# EXERCISE
The answer consists solely of the lines running from the one with "3、确保手机与电视连接在同一" through the final line below, transcribed exactly and without any pictures.

# MATERIAL PROVIDED
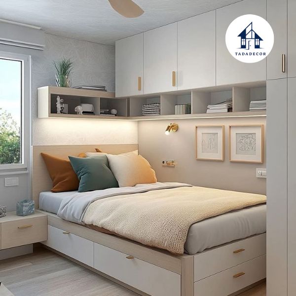 Công năng: Tích hợp tủ quần áo với ngăn kéo ẩn, kệ trang trí nhỏ gọn và không gian treo quần áo tiện lợi. Một số mẫu còn có đầu giường tích hợp kệ để đèn ngủ hoặc sách.
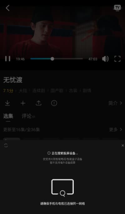 3、确保手机与电视连接在同一WiFi网络下,等待系统搜索设备,找到对应的电视名称后点击连接即可完成投屏。
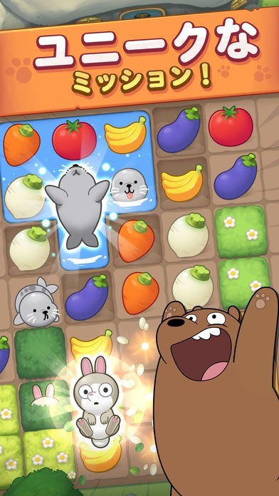 ぼくらベアベアーズは、3つ以上同じピースを揃えて消していくパズルゲームをして、ストーリーを進めていく

# RESPONSE FOR THIS EXERCISE
 3、确保手机与电视连接在同一WiFi网络下,等待系统搜索设备,找到对应的电视名称后点击连接即可完成投屏。
 ぼくらベアベアーズは、3つ以上同じピースを揃えて消していくパズルゲームをして、ストーリーを進めていく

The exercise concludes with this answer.